_TASK TO COMPLETE_
When you retype the data, keep every word exactly and include none of the pictures.

_COLLECTED DATA_
··········
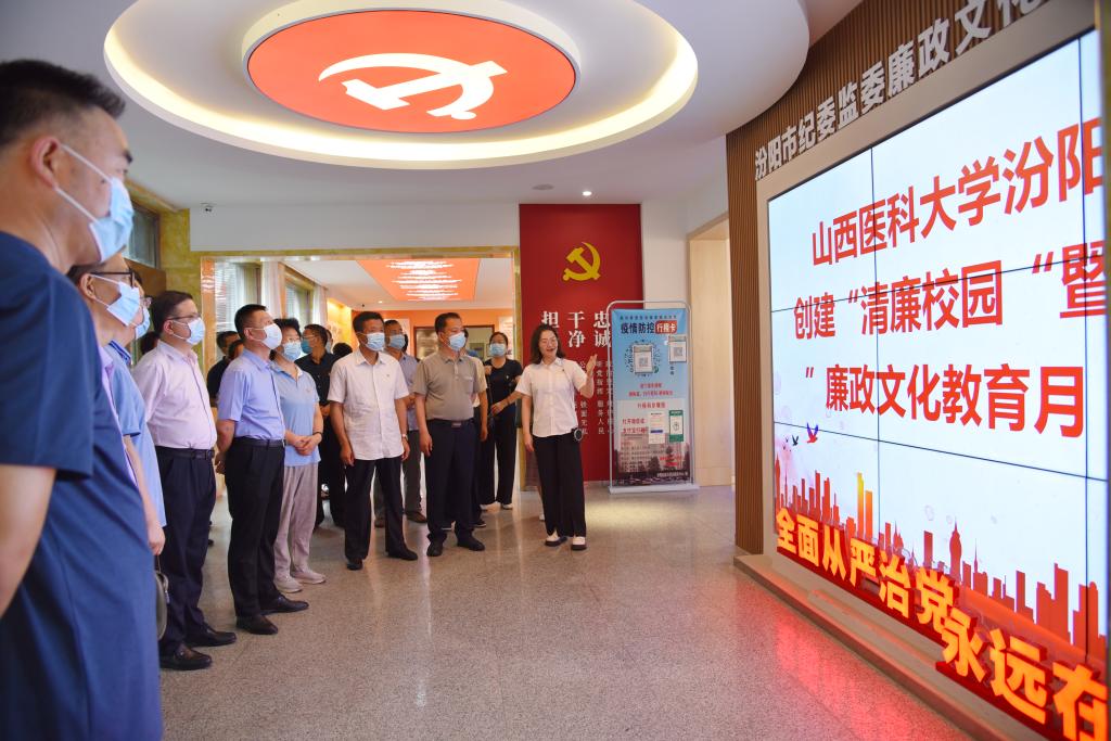 为全面落实省第十二次党代会提出的全面推进清廉山西建设的决策部署和省委教育工委、省教育厅关于全面建设清廉学校的要求,根据学校党委关于清廉学校创建和第八届“廉政文化教育月”的活动安排,6月22日下午,党委书记闫敬来,党委副书记、院长孟小平,党委副书记任云青,党委委员、纪委书记任朝生,党委委员、副院长韩宝森、陈振文及中层正职和主持工作的副职干部赴汾阳市纪委监委参观学习了廉政文化长廊。廉政文化长廊分为党建政治引领、廉政文化宣传、案例警示教育三大板块。
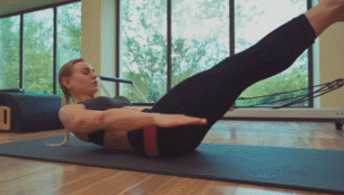 매트에 등을 대고 누운 상태에서 다리를 공중으로 높이 들어주세요. 그리고 상체를 일으키고, 팔을 앞으로 뻗습니다. 그런 다음 팔을 위아래로 움직이면 되는데요. 호흡을 짧게 마셨다가 뱉으면서 1분 동안 운동합니다.
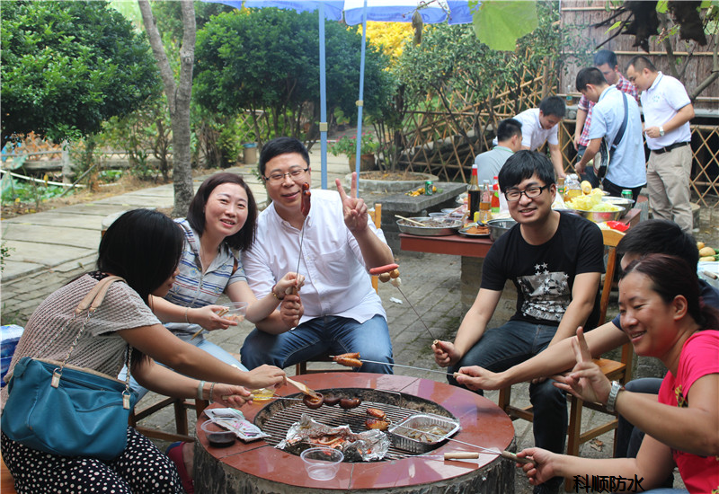 活动在公司下辖的大型农场中举行,穿过曲径的小路,掩藏在秋叶与林间的是那别致的烧烤场——座椅、遮阳伞样样齐全,水果、饮料、食材种种丰富,就等着寿星们大显身手啦!同事们中不乏烧烤界的“精英翘楚”,但也有这么一些家伙:只烤不吃,只为提升烧烤水平的“练烤者”;只吃不烤,优哉游哉的“美食大家”。对烧烤不太感兴趣的同事,则会选择到隔壁的电影场休闲消遣,顺便尝尝香喷喷的鲜鱼粥。
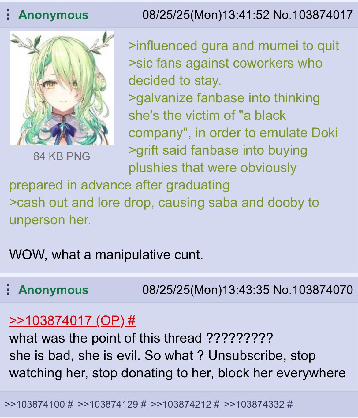 >>475126 Ебать неженка, ты похоже внутренныи тёрки "труъ" фанатов в дискорде и в твиттере не видел, тех самых шизов скупающих всю акрило-плюшевую залупу и имеющих 228 ошимарок в нике.
··········
_RESPONSE TO THE TASK_
 为全面落实省第十二次党代会提出的全面推进清廉山西建设的决策部署和省委教育工委、省教育厅关于全面建设清廉学校的要求,根据学校党委关于清廉学校创建和第八届“廉政文化教育月”的活动安排,6月22日下午,党委书记闫敬来,党委副书记、院长孟小平,党委副书记任云青,党委委员、纪委书记任朝生,党委委员、副院长韩宝森、陈振文及中层正职和主持工作的副职干部赴汾阳市纪委监委参观学习了廉政文化长廊。廉政文化长廊分为党建政治引领、廉政文化宣传、案例警示教育三大板块。
 매트에 등을 대고 누운 상태에서 다리를 공중으로 높이 들어주세요. 그리고 상체를 일으키고, 팔을 앞으로 뻗습니다. 그런 다음 팔을 위아래로 움직이면 되는데요. 호흡을 짧게 마셨다가 뱉으면서 1분 동안 운동합니다.
 活动在公司下辖的大型农场中举行,穿过曲径的小路,掩藏在秋叶与林间的是那别致的烧烤场——座椅、遮阳伞样样齐全,水果、饮料、食材种种丰富,就等着寿星们大显身手啦!同事们中不乏烧烤界的“精英翘楚”,但也有这么一些家伙:只烤不吃,只为提升烧烤水平的“练烤者”;只吃不烤,优哉游哉的“美食大家”。对烧烤不太感兴趣的同事,则会选择到隔壁的电影场休闲消遣,顺便尝尝香喷喷的鲜鱼粥。
 >>475126 Ебать неженка, ты похоже внутренныи тёрки "труъ" фанатов в дискорде и в твиттере не видел, тех самых шизов скупающих всю акрило-плюшевую залупу и имеющих 228 ошимарок в нике.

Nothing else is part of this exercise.